↓↓↓

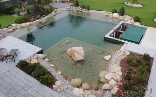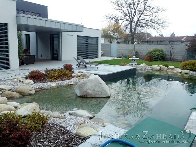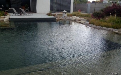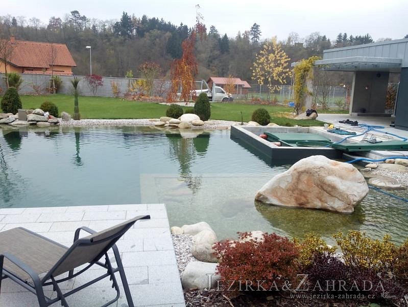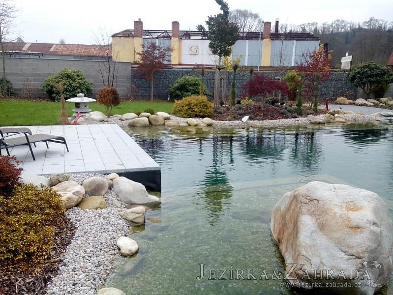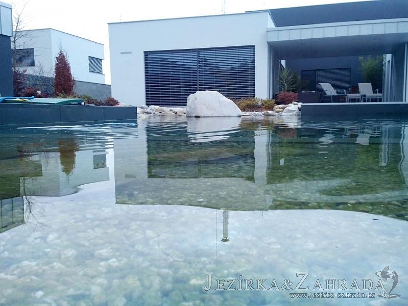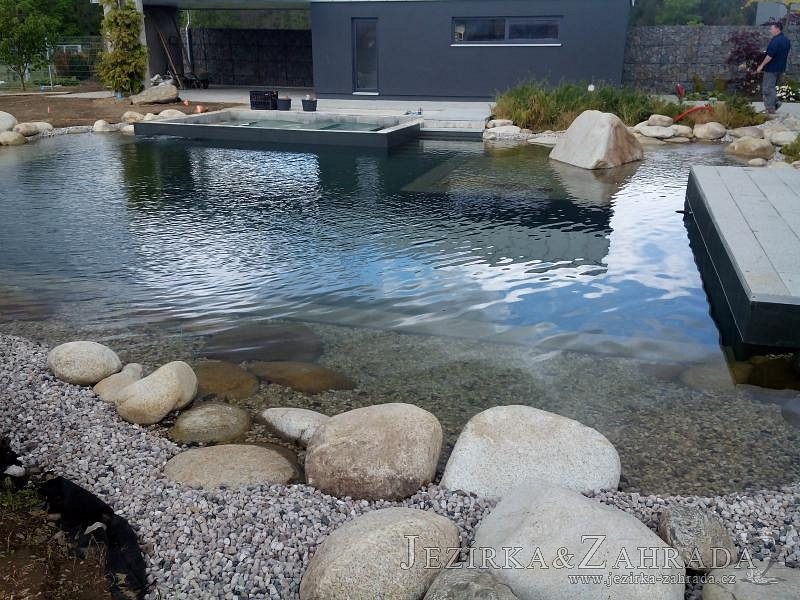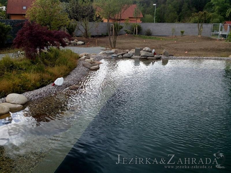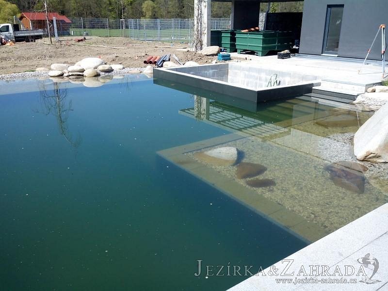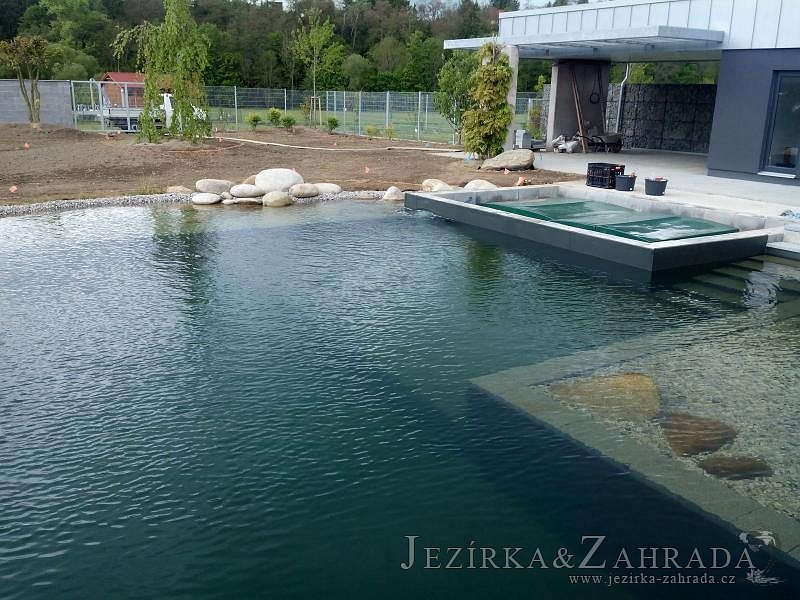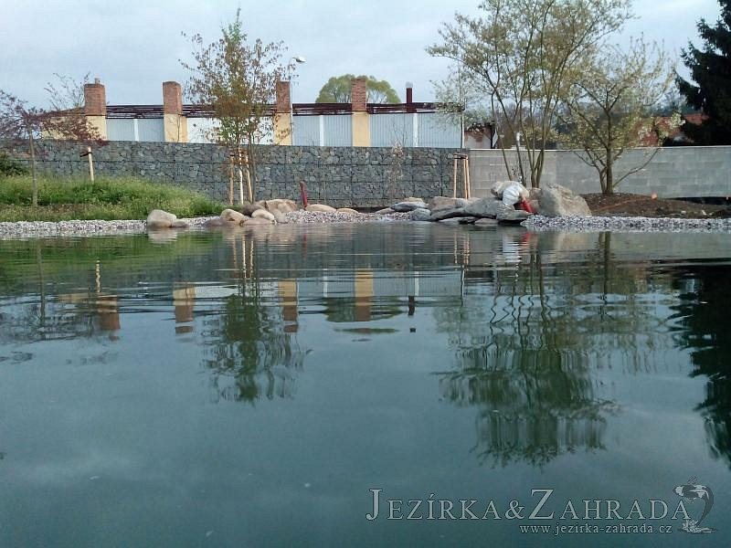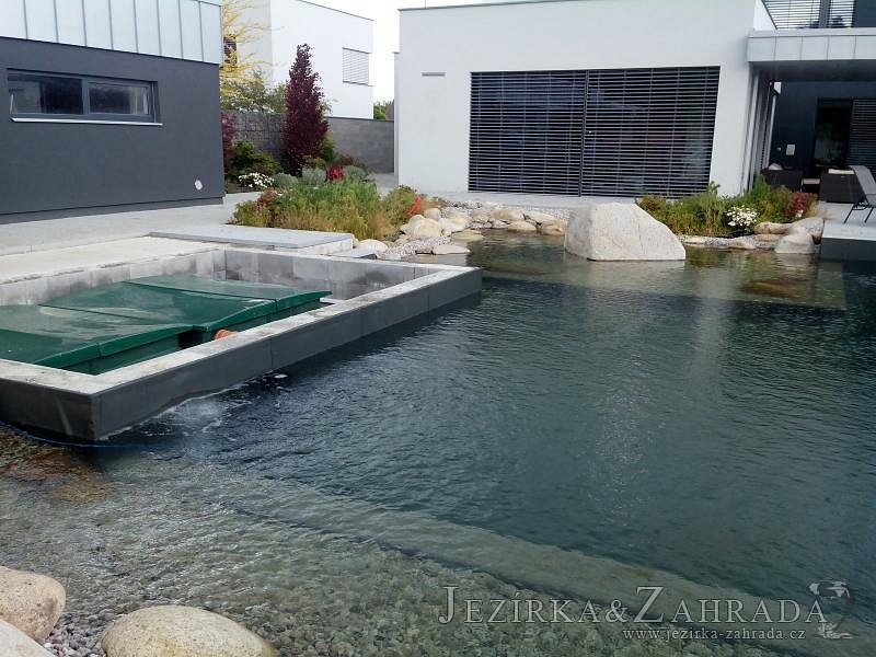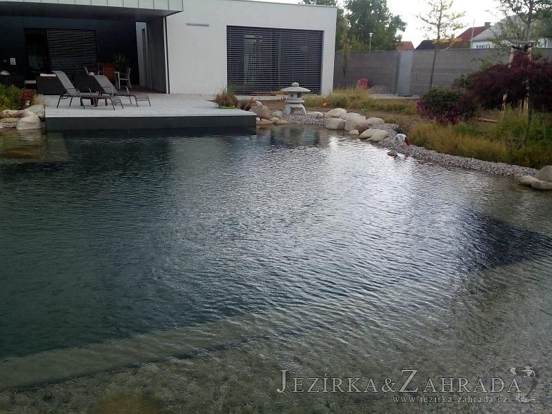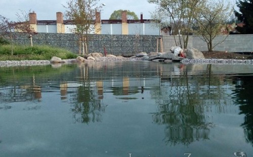 V tomto případě se jedná o moderní koupací jezírko, které doplňuje přechod z obytné plochy přes zastřešenou terasu do rozlehlé zahrady. Realizace byla rozdělena do dvou fází: 2013 - výstavba jezírka... položení potrubí, zabetonování spodní vpusti-gule, na stěnu technické místnosti se přidělala fóliová příruba pro skimmer Oase Aquaskim Gravity, zapískovalo se, položila se geotextílie 500g, na ostré hrany se připevnili speciální fóliové lišty a na ně se svařila jezírková fólie Fatra Aquaplast 805/V 1,5mm olivově zelená. Napustila se voda. V roce 2014 jsme pokračovali dodávkou technologie. Na jezírko o objemu 150m3 jsme navrhli 2x mechanicko-biologický filtr Tripond Center-Vortex C115 zapojený gravitačně, ke každému filtru jsme připojili UV lampu TMC Pro Pond Advantage 110W a úsporné gravitační čerpadlo Oase Aquamax Gravity Eco 20000, které žene vodu zpět do jezírka. Na přání zadavatele byl nainstalován nerezový chrlič Oase Waterfall set 30 s možností regulace průtoku. Vzduchovací motor Hailea HAP-80 zásobuje přes rozvaděč jak jezírko, tak i obě filtrace. Do jezírka byly naistalovány velké okrasné kameny a kačírek. Břeh jezírka byl obložen okrasnými dlaždicemi a technická místnost byla zakryta podlahou z exotického dřeva. Pro snadnou údržbu koupací části doporučujeme pravidelné používání robotického vysavače Zodiac RA 63 iQ BIO a do pobřežní zóny vysavač Aqualogistic Profi.
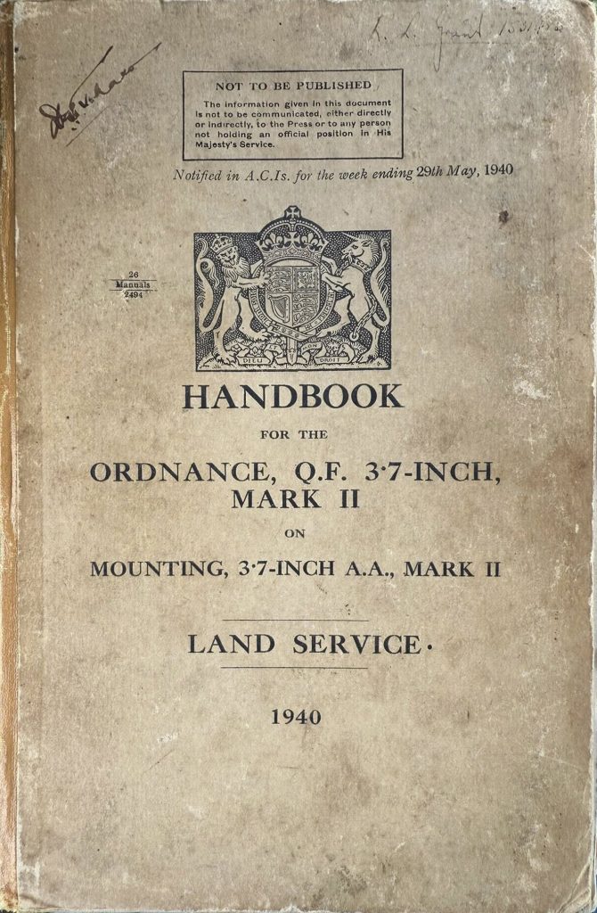 Our magnificent gun is a QF (Quick Fire) MK VI (6) Vickers 3.7 inch (HAA) or (ACK ACK) Heavy Anti Aircraft Gun. These were the standard anti-aircraft guns of the Second World War.
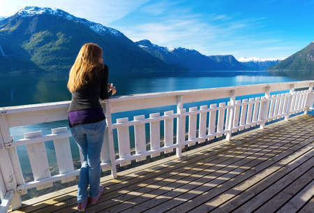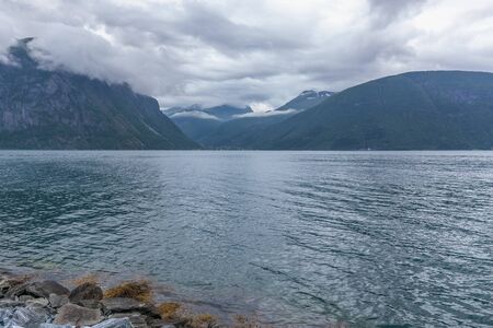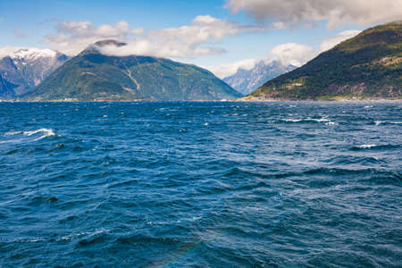 Tourism vacation and travel. Mountains landscape and fjord in Norway Scandinavia Europe. Norddalsfjorden as seen from ferry. Beautiful nature
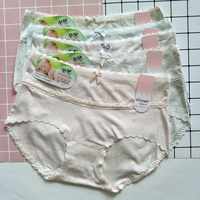 【产品名称:4条包邮粉岱俏美人无痕波浪纹木代尔中腰女士内裤婴肤花纱3780】
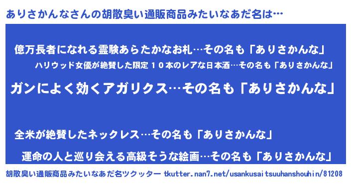 | 意味不明あだ名 | 『自称ありさかんな』 |
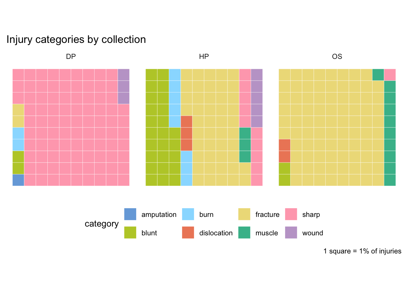 As already seen with injury location regions, the distribution of injury categories varies a lot between the collections. DP is dominated by sharp force injuries; many of these are scars, which reflects the nature of the DP records as recording long personal histories of physical misfortune and violence. OS is equally dominated by fractures, the injuries most likely to remain visible on skeletal evidence. HP, on the other hand, shows a more varied record of mishaps and accidents, though fractures are still the largest single category.
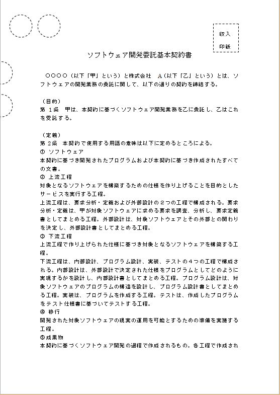 ○○○○(以下「甲」という)と株式会社 A(以下「乙」という)とは、ソフトウェアの開発業務の委託に関して、以下の通りの契約を締結する。

↑↑↑

Your copy should hold every entry exactly as written, but none of the pictures.

 V tomto případě se jedná o moderní koupací jezírko, které doplňuje přechod z obytné plochy přes zastřešenou terasu do rozlehlé zahrady. Realizace byla rozdělena do dvou fází: 2013 - výstavba jezírka... položení potrubí, zabetonování spodní vpusti-gule, na stěnu technické místnosti se přidělala fóliová příruba pro skimmer Oase Aquaskim Gravity, zapískovalo se, položila se geotextílie 500g, na ostré hrany se připevnili speciální fóliové lišty a na ně se svařila jezírková fólie Fatra Aquaplast 805/V 1,5mm olivově zelená. Napustila se voda. V roce 2014 jsme pokračovali dodávkou technologie. Na jezírko o objemu 150m3 jsme navrhli 2x mechanicko-biologický filtr Tripond Center-Vortex C115 zapojený gravitačně, ke každému filtru jsme připojili UV lampu TMC Pro Pond Advantage 110W a úsporné gravitační čerpadlo Oase Aquamax Gravity Eco 20000, které žene vodu zpět do jezírka. Na přání zadavatele byl nainstalován nerezový chrlič Oase Waterfall set 30 s možností regulace průtoku. Vzduchovací motor Hailea HAP-80 zásobuje přes rozvaděč jak jezírko, tak i obě filtrace. Do jezírka byly naistalovány velké okrasné kameny a kačírek. Břeh jezírka byl obložen okrasnými dlaždicemi a technická místnost byla zakryta podlahou z exotického dřeva. Pro snadnou údržbu koupací části doporučujeme pravidelné používání robotického vysavače Zodiac RA 63 iQ BIO a do pobřežní zóny vysavač Aqualogistic Profi.
 Our magnificent gun is a QF (Quick Fire) MK VI (6) Vickers 3.7 inch (HAA) or (ACK ACK) Heavy Anti Aircraft Gun. These were the standard anti-aircraft guns of the Second World War.
 Tourism vacation and travel. Mountains landscape and fjord in Norway Scandinavia Europe. Norddalsfjorden as seen from ferry. Beautiful nature
 【产品名称:4条包邮粉岱俏美人无痕波浪纹木代尔中腰女士内裤婴肤花纱3780】
 | 意味不明あだ名 | 『自称ありさかんな』 |
 As already seen with injury location regions, the distribution of injury categories varies a lot between the collections. DP is dominated by sharp force injuries; many of these are scars, which reflects the nature of the DP records as recording long personal histories of physical misfortune and violence. OS is equally dominated by fractures, the injuries most likely to remain visible on skeletal evidence. HP, on the other hand, shows a more varied record of mishaps and accidents, though fractures are still the largest single category.
 ○○○○(以下「甲」という)と株式会社 A(以下「乙」という)とは、ソフトウェアの開発業務の委託に関して、以下の通りの契約を締結する。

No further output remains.